By Rick Palsgrove
The Groveport Madison High School Marching Band is hoping the ongoing pandemic will not disrupt its plans to perform at Disney World in Florida this spring.
“We are all very aware of the current COVID conditions in Ohio and across the nation and the potential that this trip may have to be cancelled as a result,” said Jonah Angulo-Hurtig, director of bands at Groveport Madison High School. “Without question, our top priority is the safety of our students, staff, and chaperones. We will continue to work closely with the high school’s and district’s administration as we carefully consider all options.”
The trip is scheduled to take place from April 6-11, 2021 during the district’s spring break.
“Our current plan is to travel to Animal Kingdom, The Magic Kingdom, Epcot, and Hollywood Studios,” said Angulo-Hurtig. “An alternative schedule would substitute Universal Studios in the event that any of the other venues are not available. “
He said the cost for each student is slightly more than $1,000.
“This includes travel coach rental (required for out-of-state travel), lodging, dedicated overnight security, our tour director, meals, clinics, performances, and entrance fees to the venues,” said Angulo-Hurtig.
Several fundraising opportunities for students and their families are being pursued to help defray as much of the trip costs as possible.Some fundraising activities are for individuals, while others are for the entire group. The deadline for collecting all funds for the trip is in February of 2021.
“We have until 90 days before the trip to make a final determination on the trip in order to secure refunds up to 95 percent of the total cost of the trip,” Angulo-Hurtig. “We also have encouraged families to take out travel insurance in the event of a last-minute change in plans, which allows for close to full reimbursement.”
Fundraising projects include pairing with Fan Cloth to sell Groveport Madison merchandise.
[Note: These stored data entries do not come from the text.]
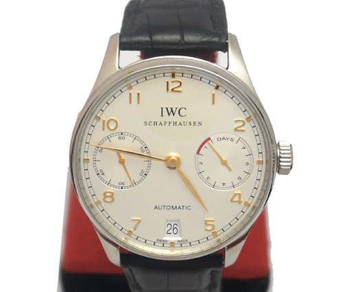 IWC 포르투기스 7Days 남성용 시계입니다. 사이즈 : 42mm 다이얼 : 흰색판에 금장인덱스 재질 : 스틸 무브먼트: 기계식자동(오토매틱) 밴드 : 악어가죽에 원터치 D버클 부속물 : 자체 보증서 원산지 : 스위스
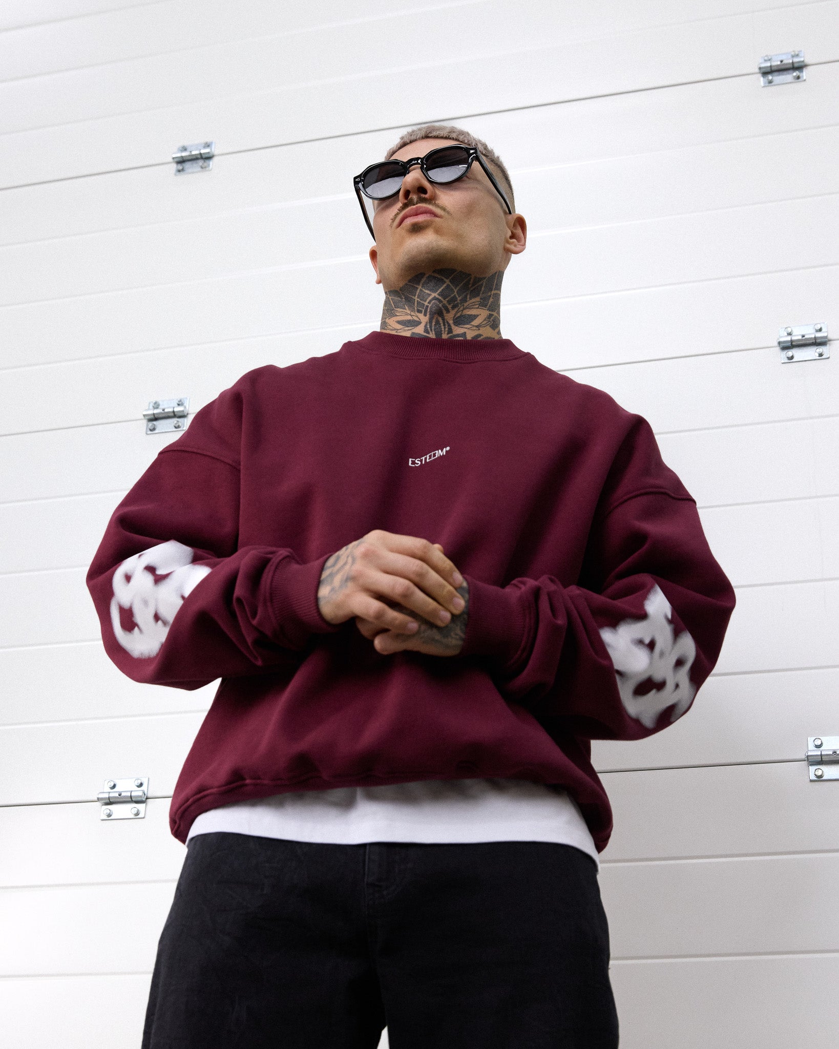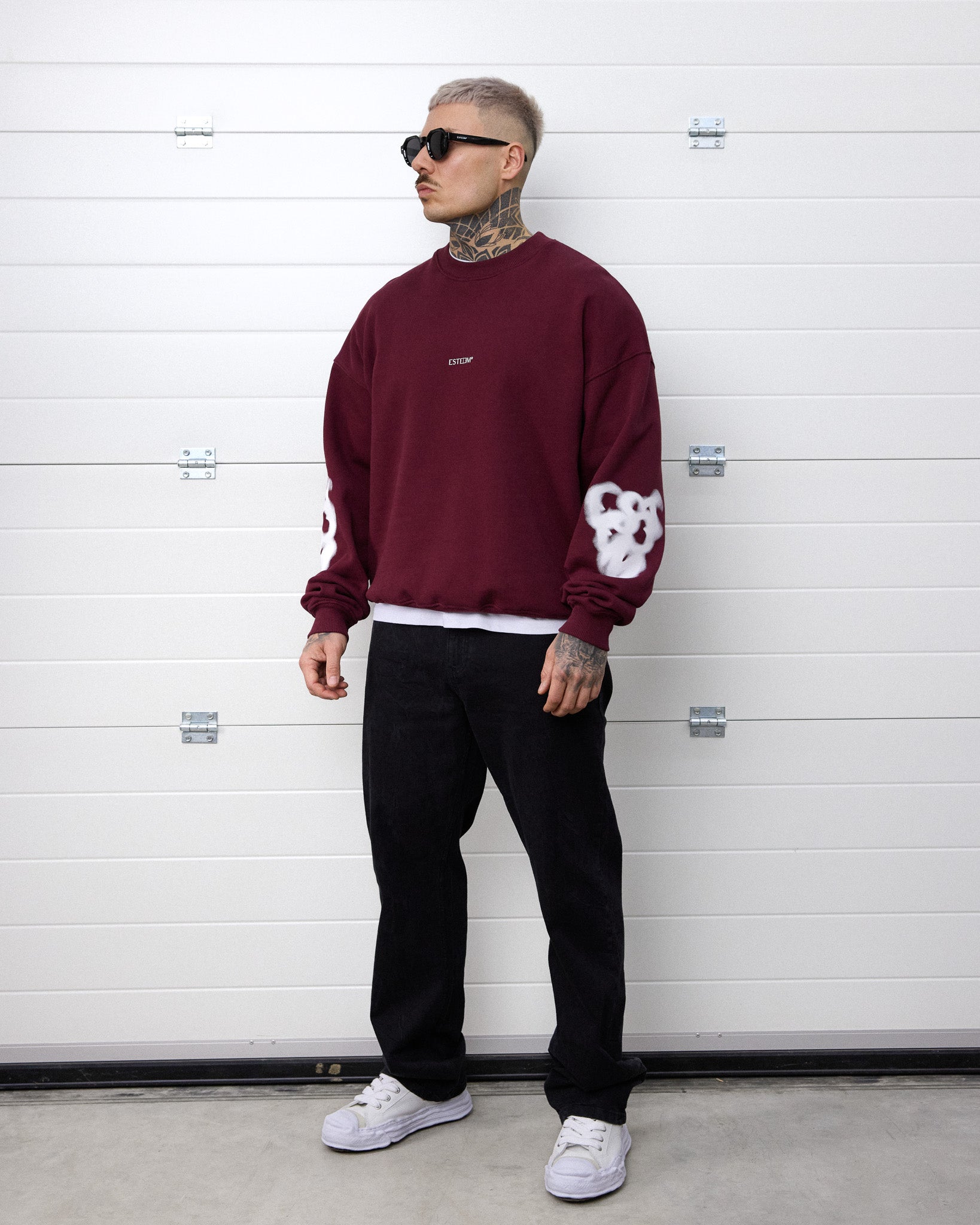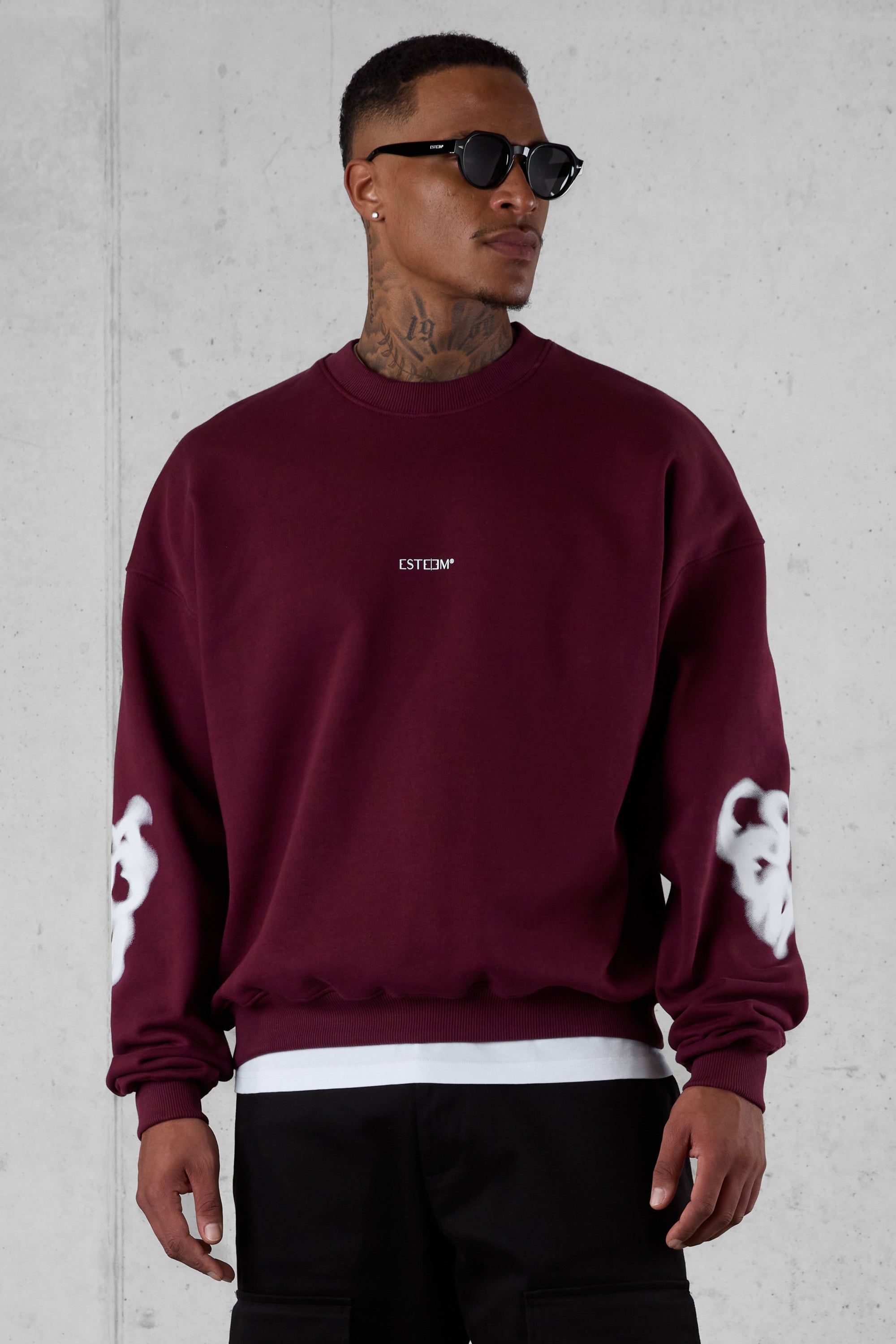 CABERNET BLURRED HEARTS OVERSIZED SWEATER
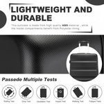 The suitcase is equipped with a fully adjustable telescopic handle, TSA-approved customs lock, and smooth, silent TPE airplane wheels for effortless mobility.
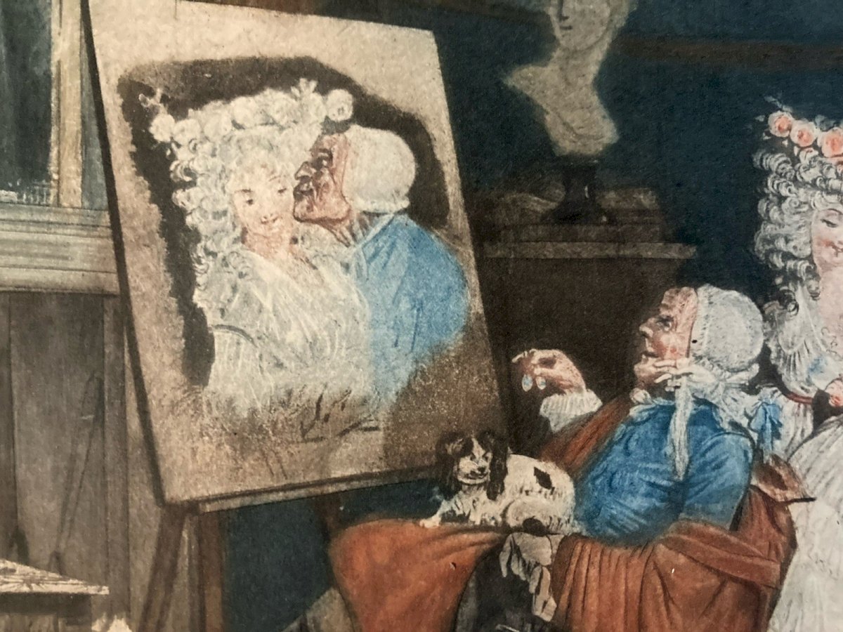 Gravure Aquatinte XVIIIe Les Deux Baisers 1786 Estampe Couleur Ancien Art
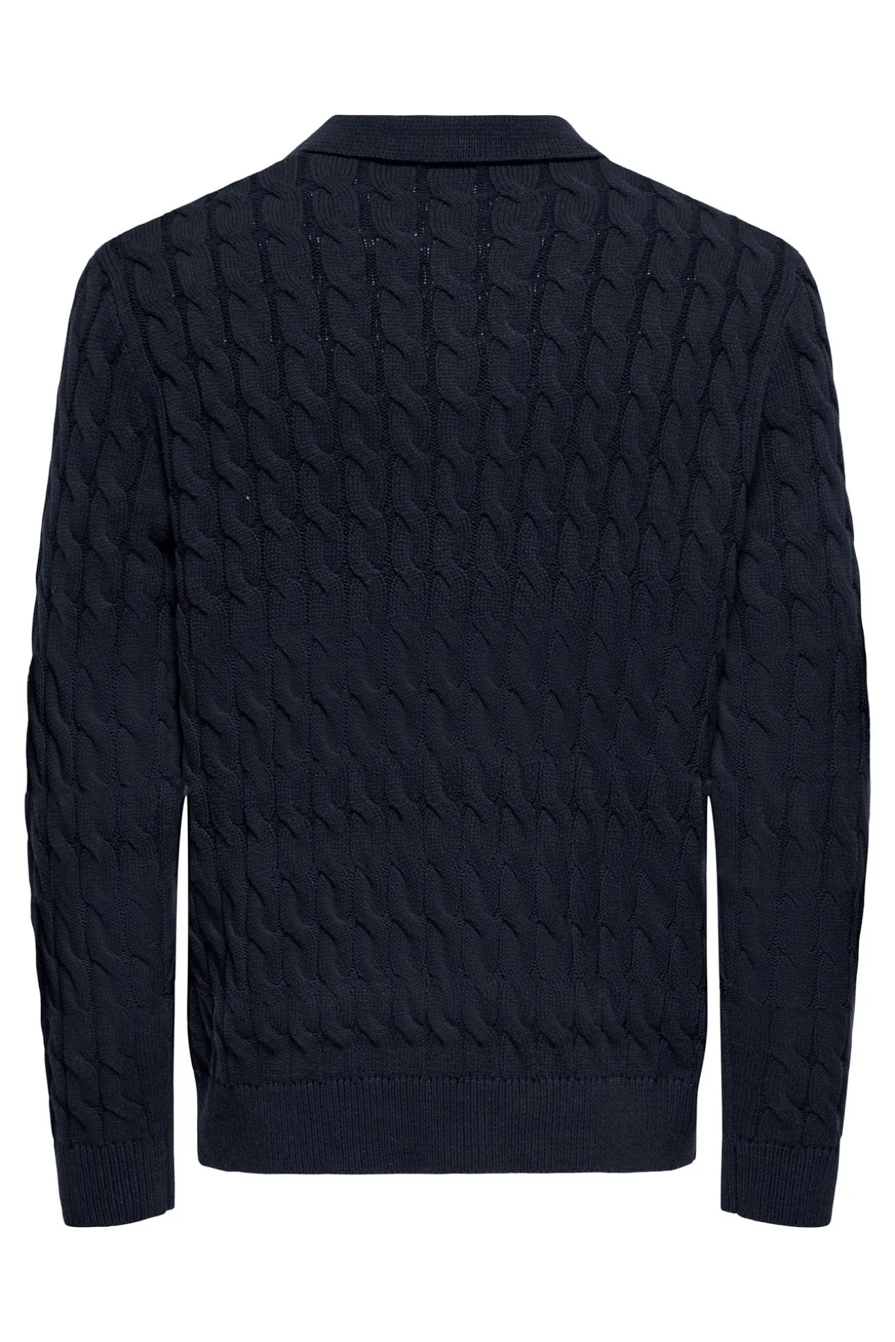 – Corte holgado, cuello polo con cierre de botones y patrón trenzado.
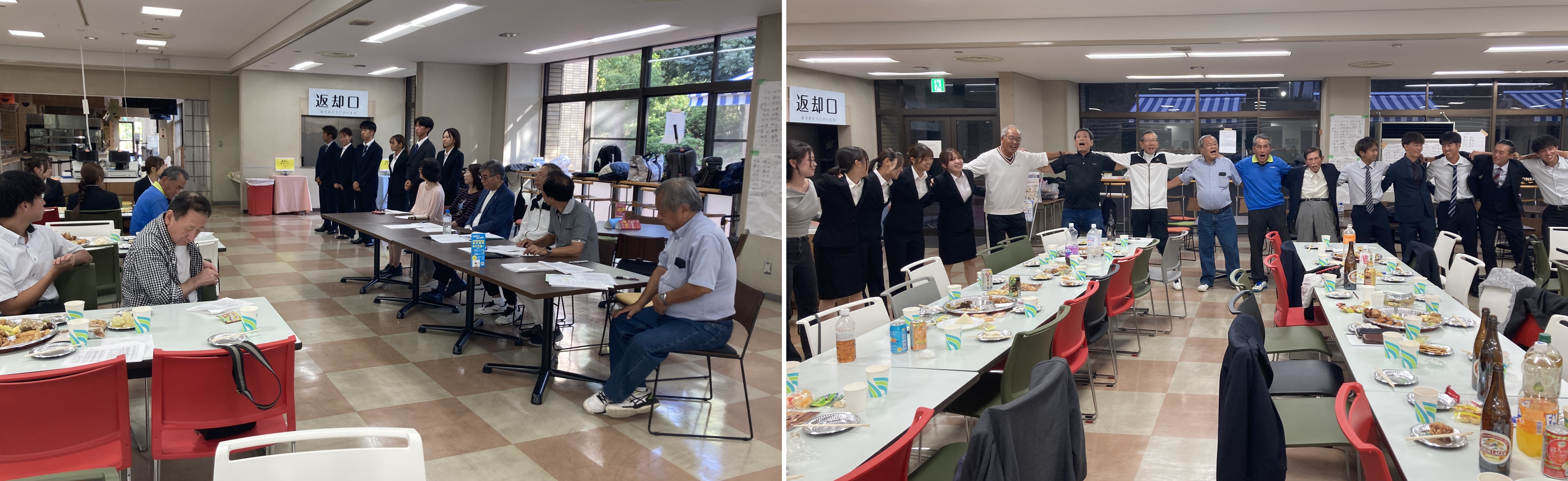 引き続き行われた懇親会では,各テーブルで食事をとりながら現役とOB・OGの交流が図られ,その合間に現役とOB・OG諸氏から自己紹介や近況報告が行われ,最後に全員が肩を組んで恒例となった学歌,応援歌を斉唱し,エールで締め括りました(終了時間は17時30分)。本当に楽しい一日になりました。

“We also were supported as a program by our local Raising Cane’s location during the football season to promote our program,” Angulo-Hurtig. “These two fundraisers are just the beginning of our fundraising opportunities to provide our families with financial support for the trip.”
The band is also using a fundraising platform called “Fansraise” at https://app.fansraise.com/c/0382e41e18824378bdd738ca0563940a/disney-here-we-come for anyone wishing to help raise money for students who will be on the Disney trip.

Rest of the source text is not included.